What you need to do >>
Would you return the data below exactly as it stands, with every picture left out?

Start of Exercise inputs

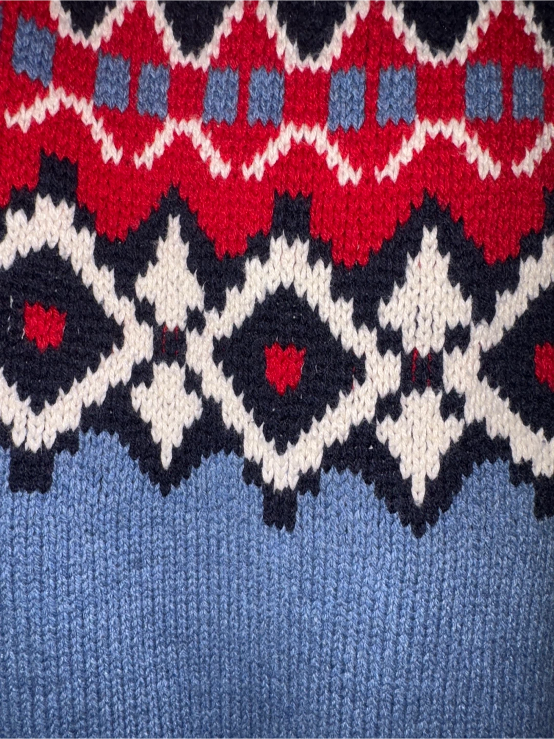 Chaps Fair Isle Sweater - Blue/Red/White - Size M
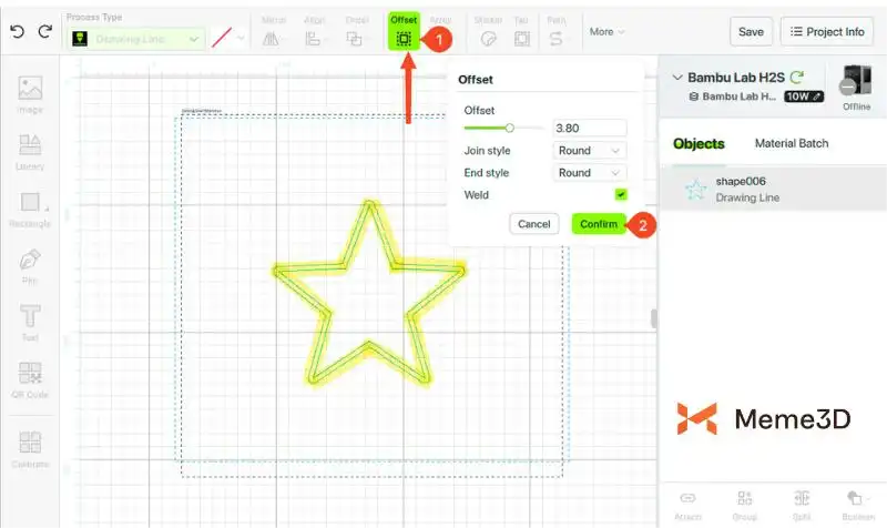 Chức năng Offset tạo ra một bản sao của đường viền thiết kế của bạn, lớn hơn hoặc nhỏ hơn một chút so với bản gốc. Nó giống như việc tạo bóng hoặc đường viền xung quanh hình dạng của bạn. Điều này hữu ích cho nhãn dán, lớp phủ hoặc bóng đổ.
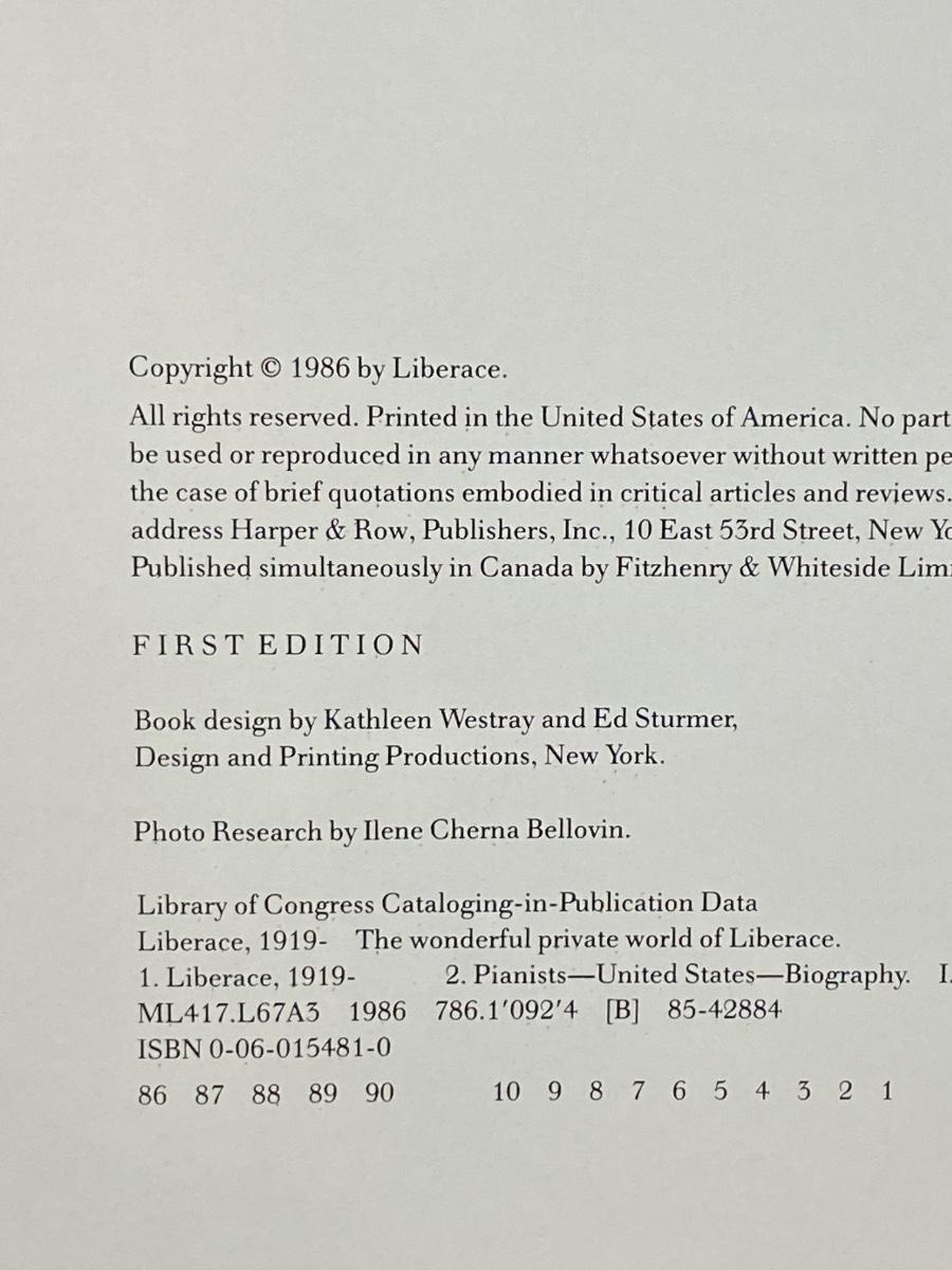 The Wonderful Private World of Liberace by Liberace Hardcover Coffee Table Book. In good condition.
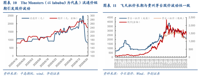 价差反映增长预期,阶段性支撑估值溢价。市值本质上是对企业经营业绩的折现,贵州茅台与泡泡玛特核心单品一、二级市场均有价差,是收藏与金融属性的外化反应,亦蕴含未来业绩增长的潜力及确定性,市场对应给予高于行业的估值水平。区别在于泡泡玛特股价短期波动与某一IP关联度高,伴随不断迭代,其单一IP对股价的影响不断弱化,股价长期表现更依赖于业绩增长兑现,而市场多年来将飞天茅台作为茅台产品代表,将飞天渠道利润视为可收回利润空间,历史上看批价与股价走势一致性高,但当下飞天茅台整体收入占比已较前期明显下降,建议理性看待飞天价差与未来业绩关联度。
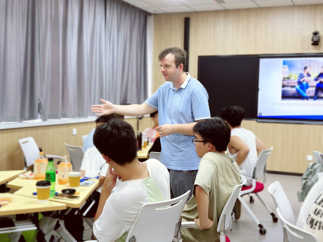 活动开始时,外教Samuel带领同学们讨论如何向别人问好,然后又带着同学们一步一步从从简单的寒暄自然过渡到更深入的交流。他通过生动的实例帮助学生理解日常对话中正式和非正式表达的差异,指导他们如何在不同的场景中使用恰当的沟通方式,同学们积极参与,勇敢表达,迅速投入到课堂互动中。
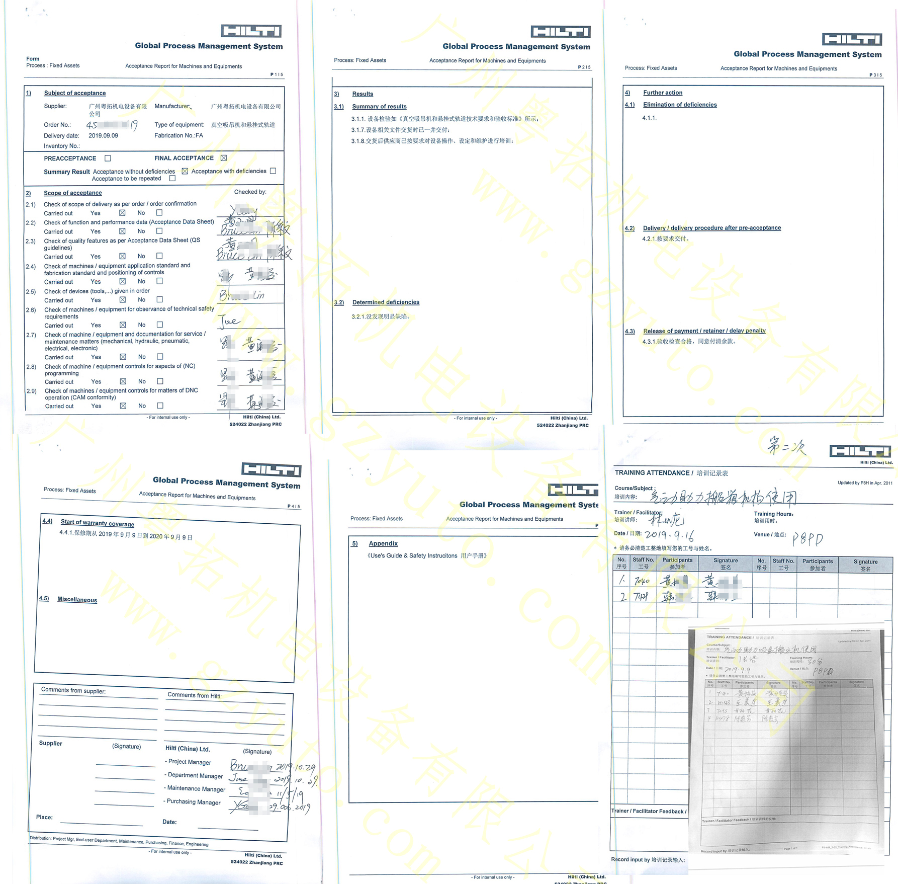 我們的客戶大多是世界一流的公司, 都是各個(gè)行業(yè)的翹楚。 按照流程, 設(shè)備安裝調(diào)試培訓(xùn)交付使用之后, 通常在1個(gè)月內(nèi)安排驗(yàn)收。 客戶驗(yàn)收過程我們偶爾會(huì)參與, 然而具體的步驟及內(nèi)容我們并不清楚。 客戶通知說設(shè)備已驗(yàn)收, 我們就開發(fā)票, 然后等待收尾款。 我們設(shè)備的工藝、質(zhì)量、性能、人性化設(shè)計(jì)等各個(gè)方面都達(dá)到甚至超過進(jìn)口品牌的水平。 因此, 得到了所有客戶的一致認(rèn)可。每次都是一次驗(yàn)收通過, 沒有遇到要求我們整改或者返修的個(gè)案。

End of Exercise inputs

Finished task >>
 Chaps Fair Isle Sweater - Blue/Red/White - Size M
 Chức năng Offset tạo ra một bản sao của đường viền thiết kế của bạn, lớn hơn hoặc nhỏ hơn một chút so với bản gốc. Nó giống như việc tạo bóng hoặc đường viền xung quanh hình dạng của bạn. Điều này hữu ích cho nhãn dán, lớp phủ hoặc bóng đổ.
 The Wonderful Private World of Liberace by Liberace Hardcover Coffee Table Book. In good condition.
 价差反映增长预期,阶段性支撑估值溢价。市值本质上是对企业经营业绩的折现,贵州茅台与泡泡玛特核心单品一、二级市场均有价差,是收藏与金融属性的外化反应,亦蕴含未来业绩增长的潜力及确定性,市场对应给予高于行业的估值水平。区别在于泡泡玛特股价短期波动与某一IP关联度高,伴随不断迭代,其单一IP对股价的影响不断弱化,股价长期表现更依赖于业绩增长兑现,而市场多年来将飞天茅台作为茅台产品代表,将飞天渠道利润视为可收回利润空间,历史上看批价与股价走势一致性高,但当下飞天茅台整体收入占比已较前期明显下降,建议理性看待飞天价差与未来业绩关联度。
 活动开始时,外教Samuel带领同学们讨论如何向别人问好,然后又带着同学们一步一步从从简单的寒暄自然过渡到更深入的交流。他通过生动的实例帮助学生理解日常对话中正式和非正式表达的差异,指导他们如何在不同的场景中使用恰当的沟通方式,同学们积极参与,勇敢表达,迅速投入到课堂互动中。
 我們的客戶大多是世界一流的公司, 都是各個(gè)行業(yè)的翹楚。 按照流程, 設(shè)備安裝調(diào)試培訓(xùn)交付使用之后, 通常在1個(gè)月內(nèi)安排驗(yàn)收。 客戶驗(yàn)收過程我們偶爾會(huì)參與, 然而具體的步驟及內(nèi)容我們并不清楚。 客戶通知說設(shè)備已驗(yàn)收, 我們就開發(fā)票, 然后等待收尾款。 我們設(shè)備的工藝、質(zhì)量、性能、人性化設(shè)計(jì)等各個(gè)方面都達(dá)到甚至超過進(jìn)口品牌的水平。 因此, 得到了所有客戶的一致認(rèn)可。每次都是一次驗(yàn)收通過, 沒有遇到要求我們整改或者返修的個(gè)案。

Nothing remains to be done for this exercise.